I giudici di legittimità hanno stabilito che le nuove e più favorevoli disposizioni in materia di restituzione in termine introdotte dalla Riforma Cartabia non possono essere applicate a sentenze pronunciate prima della sua entrata in vigore. La chiave di volta è la norma transitoria contenuta nella riforma stessa.
Le Motivazioni della Sentenza
La Suprema Corte ha basato il proprio ragionamento su un’interpretazione letterale e inequivocabile della disposizione transitoria prevista dall’art. 89 del d.lgs. n. 150/2022. Questa norma stabilisce chiaramente che le modifiche all’articolo 175 del codice di procedura penale si applicano esclusivamente “per le sole impugnazioni proposte avverso sentenze pronunciate in data successiva a quella di entrata in vigore del presente decreto” (30 dicembre 2022).
Nel caso di specie, la sentenza che il ricorrente intendeva impugnare era stata pronunciata nel luglio 2020 e divenuta irrevocabile nel dicembre dello stesso anno, quindi ben prima dell’entrata in vigore della riforma. Di conseguenza, il tentativo di avvalersi delle nuove e più permissive regole era destinato a fallire.

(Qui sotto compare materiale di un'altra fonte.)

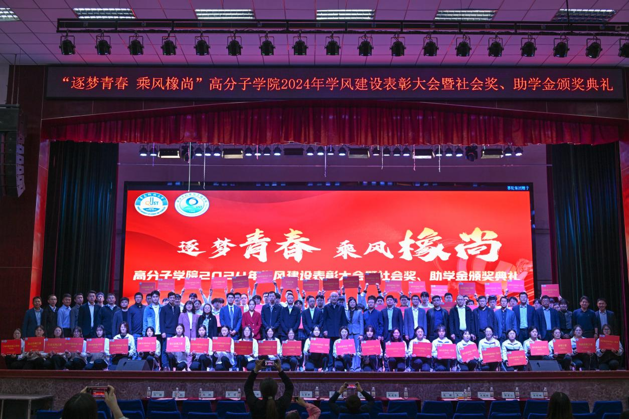 5月7日,高分子学院“逐梦青春 乘风橡尚”2024年学风建设表彰大会暨社会奖助学金颁奖典礼在四方校区举行。校长陈克正出席典礼,为2023年度高分子学院“五星高材生”颁奖,并为2023年度设奖助学金企业代表颁发捐赠证书、最佳合作企业奖牌。本年度社会奖助学金首次涵盖16名高密校区高材系学生。

La Corte ha inoltre precisato che, sebbene la Corte d’Appello avesse errato nel motivare l’inammissibilità (richiamando impropriamente l’istituto della rescissione del giudicato), l’esito finale della sua decisione era corretto. L’errore del ricorrente è stato quello di non considerare la disciplina transitoria, che regola il passaggio dalla vecchia alla nuova normativa, impedendo un’applicazione retroattiva delle nuove disposizioni.
Conclusioni
Questa sentenza ribadisce un principio cardine del nostro ordinamento: il principio tempus regit actum, secondo cui la legge applicabile è quella in vigore al momento del compimento dell’atto. Le riforme legislative, anche quando introducono norme più favorevoli per l’imputato, non possono travolgere situazioni giuridiche consolidate, a meno che non sia espressamente previsto dal legislatore. La decisione sottolinea l’importanza cruciale delle disposizioni transitorie, che fungono da ponte tra la vecchia e la nuova disciplina, garantendo certezza del diritto ed evitando confusioni applicative. Per gli operatori del diritto, è un monito a non limitarsi alla lettura della nuova norma, ma a verificare sempre con attenzione il suo regime di applicazione nel tempo.

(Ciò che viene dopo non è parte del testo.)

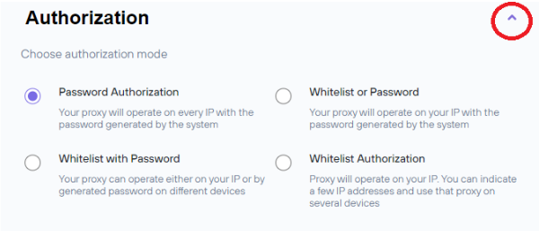 Choose the Authorization method by clicking the arrow sign and expanding all available options.Password authorization (default option): this option allows a user’s authorization on any IP-address by using the generated password.
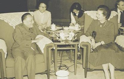 撒切尔夫人与邓小平一见面就说:“我作为现任首相访华,看到你很高兴。”

La Riforma Cartabia sulla restituzione in termine si applica alle sentenze passate in giudicato prima della sua entrata in vigore?
No. La Corte di Cassazione ha chiarito che, in base alla disposizione transitoria (art. 89 del d.lgs. 150/2022), le nuove norme sull’art. 175 cod. proc. pen. si applicano solo alle impugnazioni contro sentenze emesse dopo il 30 dicembre 2022.
Perché il ricorso dell’imprenditore è stato dichiarato inammissibile?
Il ricorso è stato dichiarato inammissibile perché invocava l’applicazione di una normativa (la Riforma Cartabia) non applicabile al suo caso, dato che la sentenza che intendeva impugnare era stata pronunciata nel 2020, prima dell’entrata in vigore della riforma.
Quale principio giuridico ha guidato la decisione della Corte?
La decisione si fonda sul principio del tempus regit actum, secondo cui gli atti giuridici sono regolati dalla legge in vigore al momento in cui sono stati compiuti. La disciplina transitoria della riforma ha esplicitamente limitato l’applicazione delle nuove norme ai procedimenti futuri, escludendo la retroattività.